How "Secure" Is YOUR Web Site?
A few days ago, an incident happened to me that has prompted the writing of this article.
I'm sure that if this is an issue for me and one of my Web sites, it's an issue for many others.
With my personal Web site, I use a nationally known Internet Host provider to host it.
They've hosted my site for years, and I can't really complain about their services
(except that you can rarely find a real "person" to talk to).
However, a few days ago, I wanted to give a good friend of mine, Dave Barry, access
to FTP into my Web site to download a particular file. Rather than using an FTP program,
he used IE (Internet Explorer) to FTP into the site. The strange thing is, before I even
gave him my username and password, Dave was inside the server where my site is hosted!
Dave said that the server, and any sites hosted on that server, were wide open for
attack. He was able to see the System 32 Directory, passwords, etc. The good news
for me is that Dave is a Certified Internet Webmaster Security Professional Instructor,
so he knows exactly what he's talking about (and I don't).

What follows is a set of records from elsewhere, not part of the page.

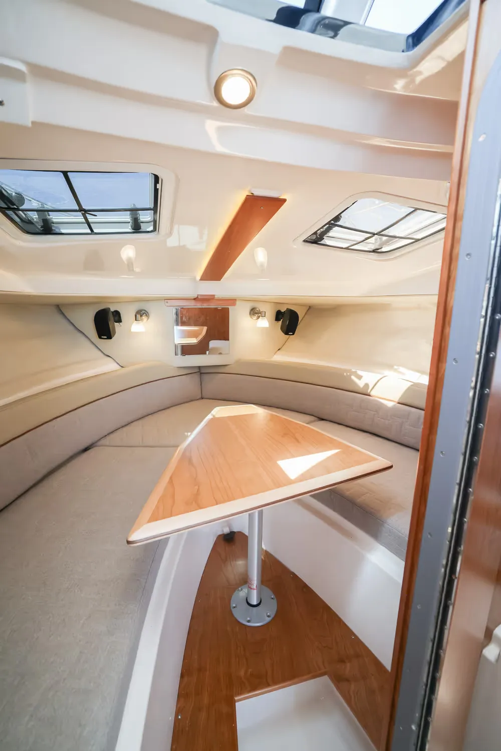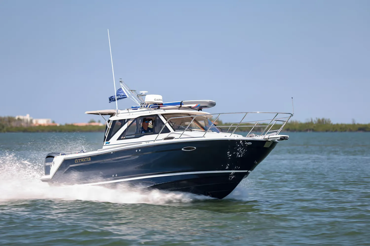 The new C-248 Coupe from Cutwater Boats presents a beautiful, contemporary twist on a classic Downeast design. This versatile outboard-powered cruiser offers an abundance of features designed to make cruising, fishing, and entertaining fun and stress-free. The C-248 C offers a 360-degree view from the helm as well as an innovative aft bulkhead window that opens, allowing the dinette seat to transform into a rear-facing cockpit seat. Onboard the C-248 C you’ll enjoy all the comforts of home with a private stateroom, head, and galley featuring a sink with hot and cold water, stove top, microwave, and refrigerator/freezer.
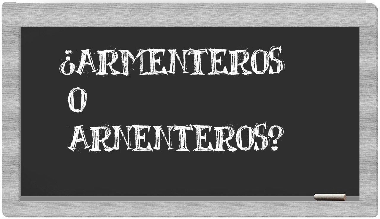 En la situación específica al comparar los términos armenteros y arnenteros, no deberías titubear, puesto que únicamente armenteros es la forma correcta; el término arnenteros no se encuentra registrado en el Diccionario de la Real Academia Española.
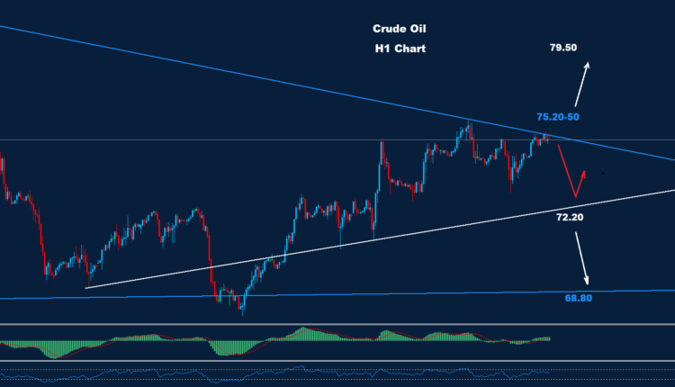 تمكن النفط الخام من الحفاظ على تداولاته فوق الدعم 72.20، حيث تمكن من إضافة المزيد من التقدم نحو المنطقة المستهدفة 50-75.20 كما توقعنا في وقت سابق من هذا الأسبوع قبل أن يحافظ السوق على تداولاته ضمن منطقة التداول هذه.
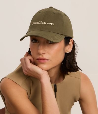 Ref: Boné confeccionado em sarja de algodão BCI. O acessório tem aba curva, ajuste traseiro e bordado "brazilian core".
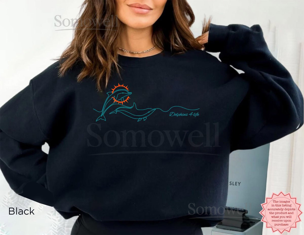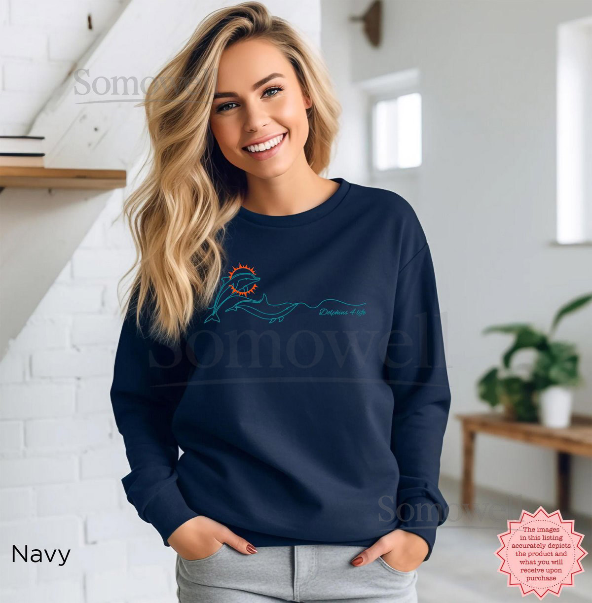 Miami Dolphins Women’s Minimalist Sweatshirt Show Your Love for the Miami Dolphins with this Line Art Design – Dolphins 4 Life_436

He ran a report to show the vulnerability of my Web site. That report indicated that there
were seven high risk vulnerabilities, four medium risk, and two low risk. It also said that
it was imperative that I take immediate action in fixing the security issues of the network.
Now isn't this a comforting thought, especially since I've never questioned the security
of my Web site? I use one of the top Web hosting firms in the country. This problem
should NOT have happened.
I contacted the hosting company, and they're checking into it. At one point, they said,
"A little further research on my part found that anonymous FTP is erroneously enabled
on your website." Then, in a later e-mail, they changed their mind, "I did misspeak last
night when I said that anonymous access was enabled, as I could not upload any files at
all, though I could view some directories and files, evidently some relatively innocuous
system data files."
Dave disagreed, and he promptly sent me two files to prove how vulnerable and
insecure the system is. I sent them those files as well as the security report Dave ran,
and they're continuing to look into it.
In my case, though this is a very disturbing situation, it isn't the end of the world. I don't
sell anything on my Web site -it's there for informational purposes only.
But, for those of you who actually sell goods or services over the Internet, this could be
a huge, and extremely distressing, problem. As Dave said, "I could crash the entire server
in a matter of minutes." But, he's one of the good guys wearing a white hat, not a hacker.
He's also responsible for 40 plus Web sites through his company, all of which are extremely secure.